## Work request
If pictures appear in the lines below, skip them and copy exactly the lines from the one containing "LEfSe analysis of" through the one containing "腕に2カ所と背中や腰の左右に", and nothing else.

## Recorded data
-- Opening Marker --

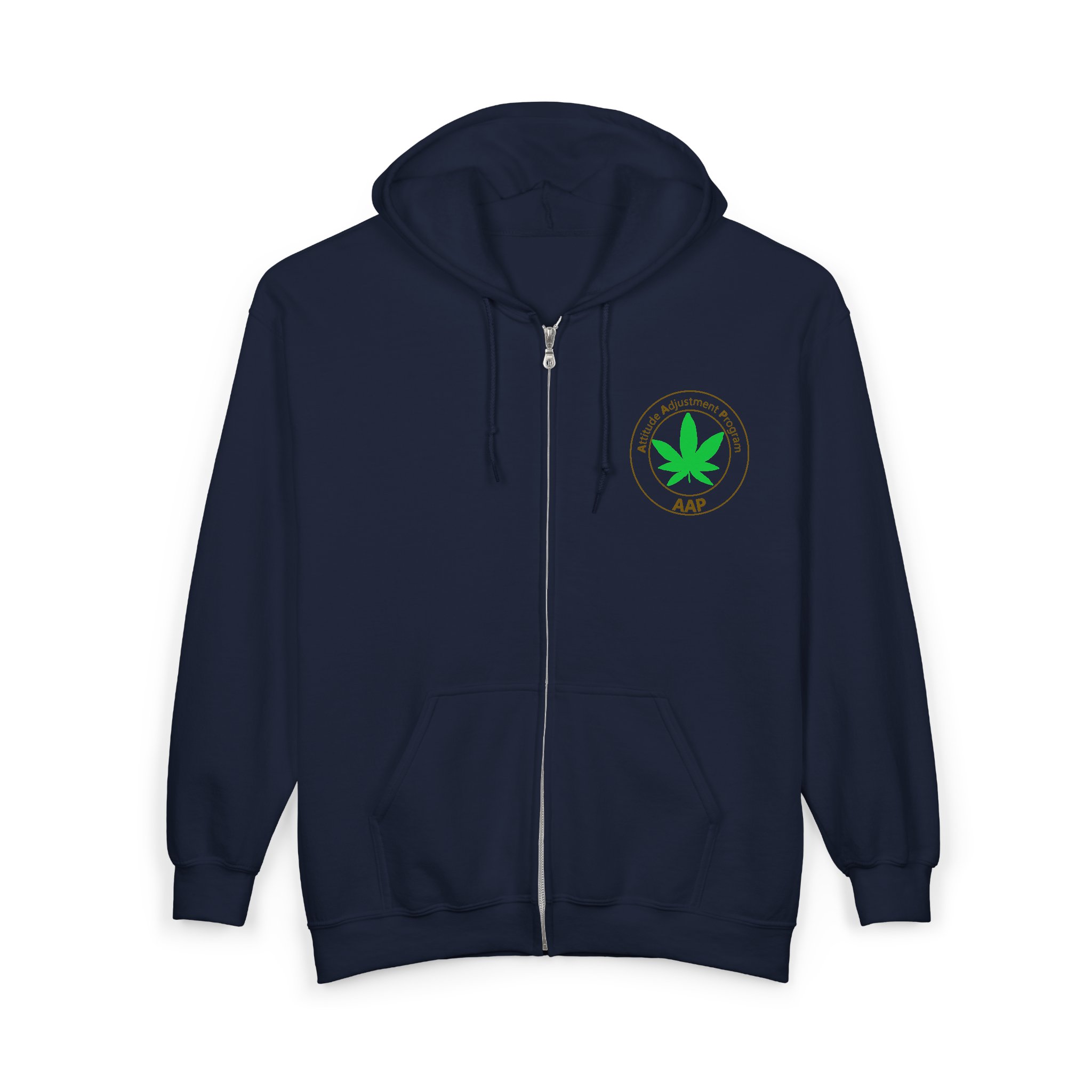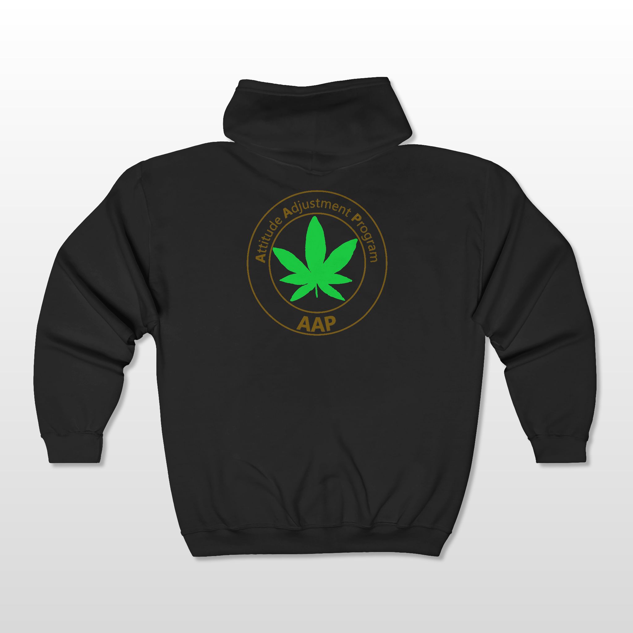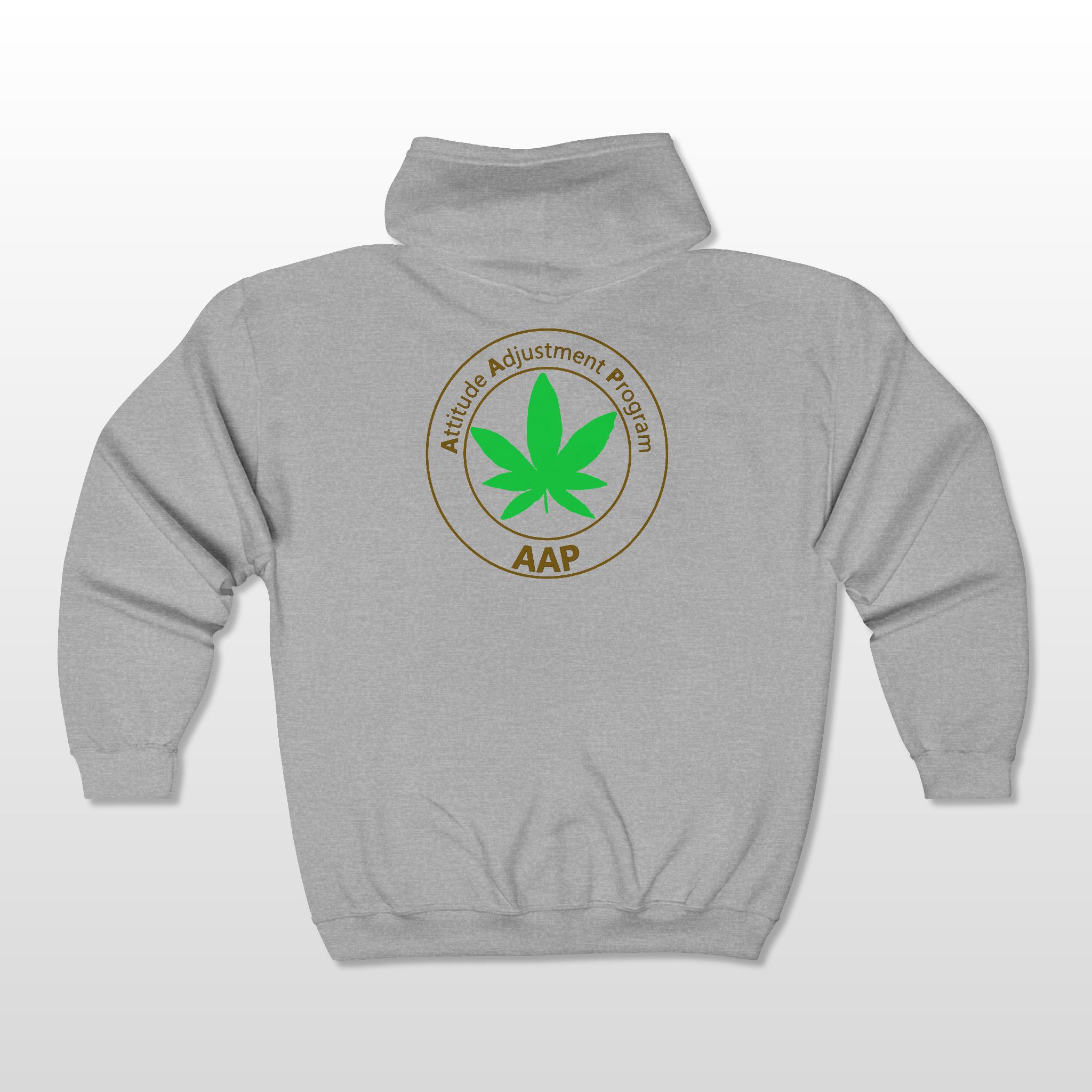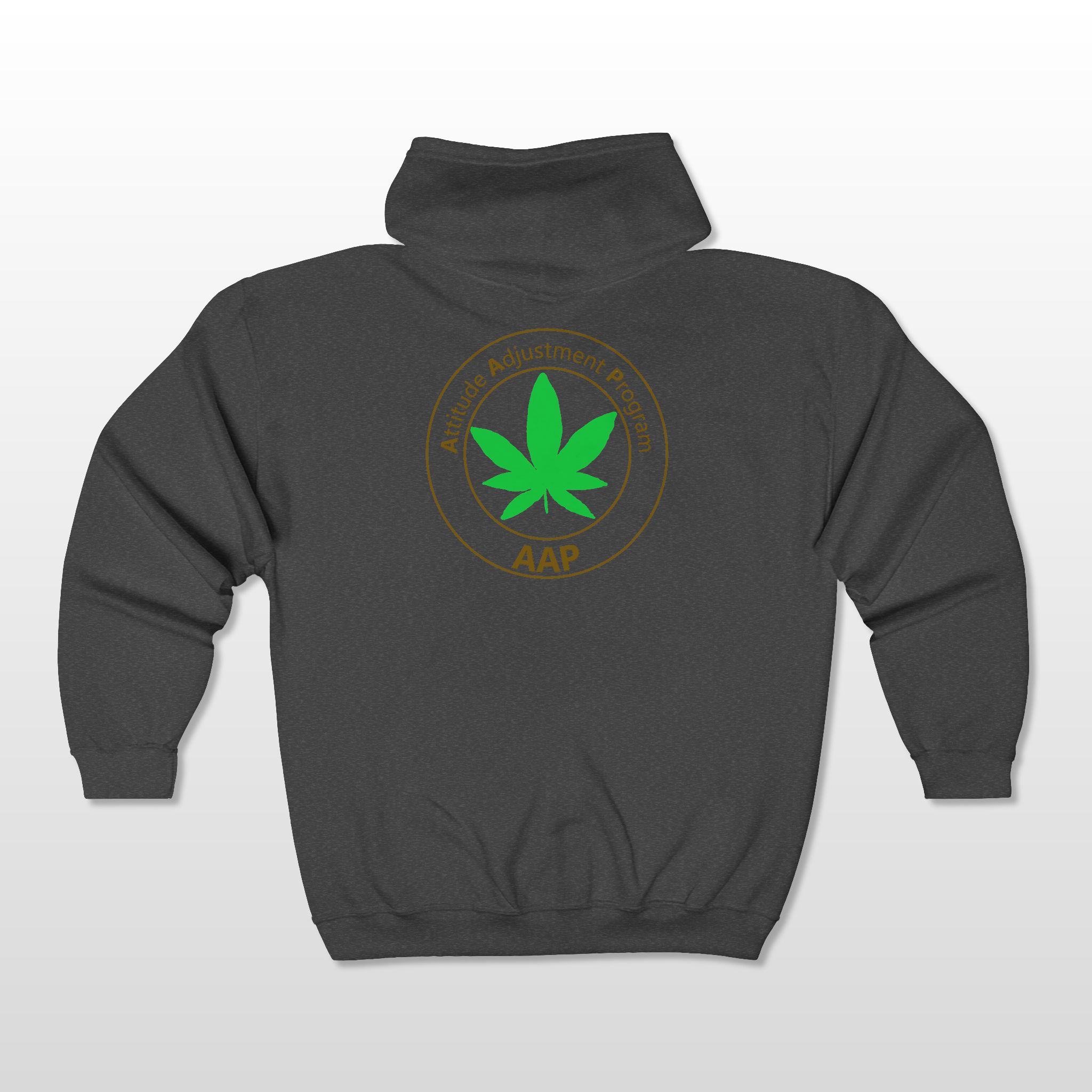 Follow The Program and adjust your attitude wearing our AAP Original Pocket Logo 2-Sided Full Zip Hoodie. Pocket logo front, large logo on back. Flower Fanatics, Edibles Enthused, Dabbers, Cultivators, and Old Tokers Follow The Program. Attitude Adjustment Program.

-- Closing Marker --
-- Opening Marker --

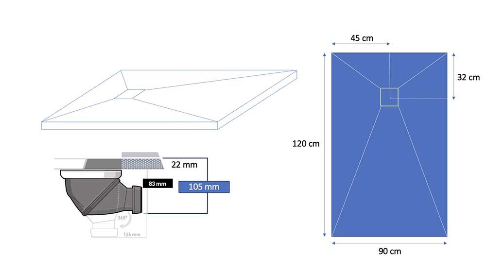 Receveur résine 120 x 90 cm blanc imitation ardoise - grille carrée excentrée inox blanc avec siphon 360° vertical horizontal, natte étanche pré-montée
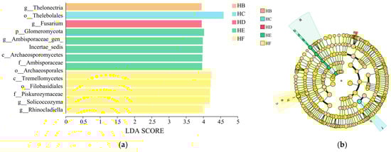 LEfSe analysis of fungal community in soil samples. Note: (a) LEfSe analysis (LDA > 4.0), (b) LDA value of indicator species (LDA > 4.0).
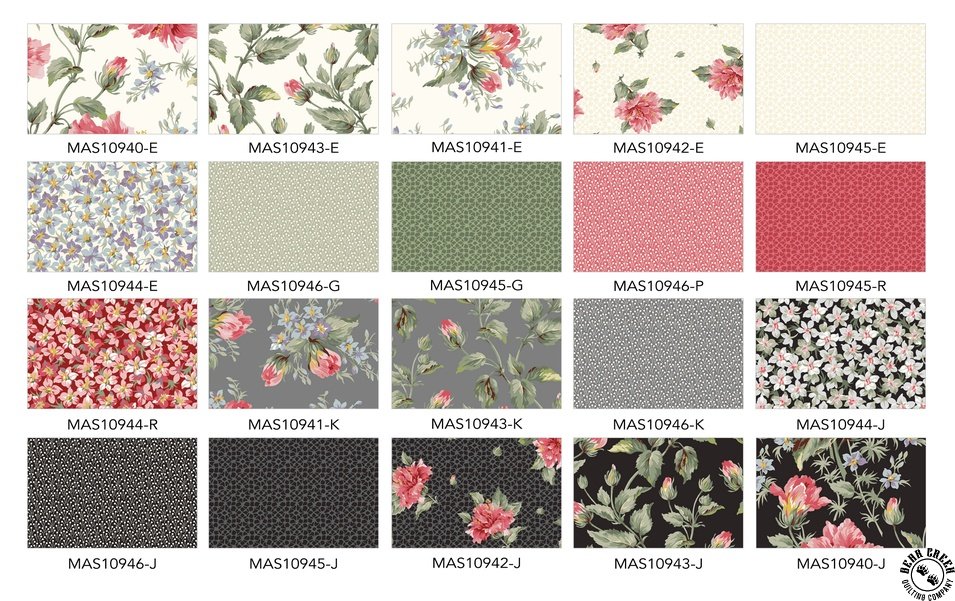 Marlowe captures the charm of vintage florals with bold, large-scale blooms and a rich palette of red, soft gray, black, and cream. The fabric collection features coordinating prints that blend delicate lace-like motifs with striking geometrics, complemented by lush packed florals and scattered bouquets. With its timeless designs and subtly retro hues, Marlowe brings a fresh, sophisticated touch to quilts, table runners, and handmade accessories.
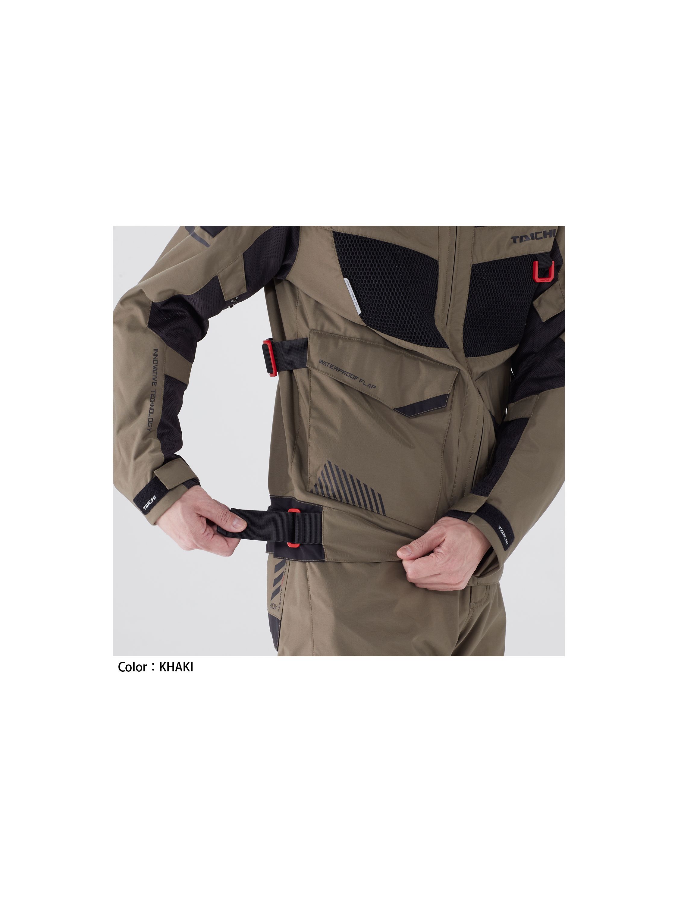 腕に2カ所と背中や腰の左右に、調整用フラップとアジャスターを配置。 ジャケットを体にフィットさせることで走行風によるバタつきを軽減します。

-- Closing Marker --
-- Opening Marker --

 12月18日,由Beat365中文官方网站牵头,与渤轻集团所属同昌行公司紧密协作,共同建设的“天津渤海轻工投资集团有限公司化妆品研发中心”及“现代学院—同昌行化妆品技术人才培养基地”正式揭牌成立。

-- Closing Marker --

## Answer area
 LEfSe analysis of fungal community in soil samples. Note: (a) LEfSe analysis (LDA > 4.0), (b) LDA value of indicator species (LDA > 4.0).
 Marlowe captures the charm of vintage florals with bold, large-scale blooms and a rich palette of red, soft gray, black, and cream. The fabric collection features coordinating prints that blend delicate lace-like motifs with striking geometrics, complemented by lush packed florals and scattered bouquets. With its timeless designs and subtly retro hues, Marlowe brings a fresh, sophisticated touch to quilts, table runners, and handmade accessories.
 腕に2カ所と背中や腰の左右に、調整用フラップとアジャスターを配置。 ジャケットを体にフィットさせることで走行風によるバタつきを軽減します。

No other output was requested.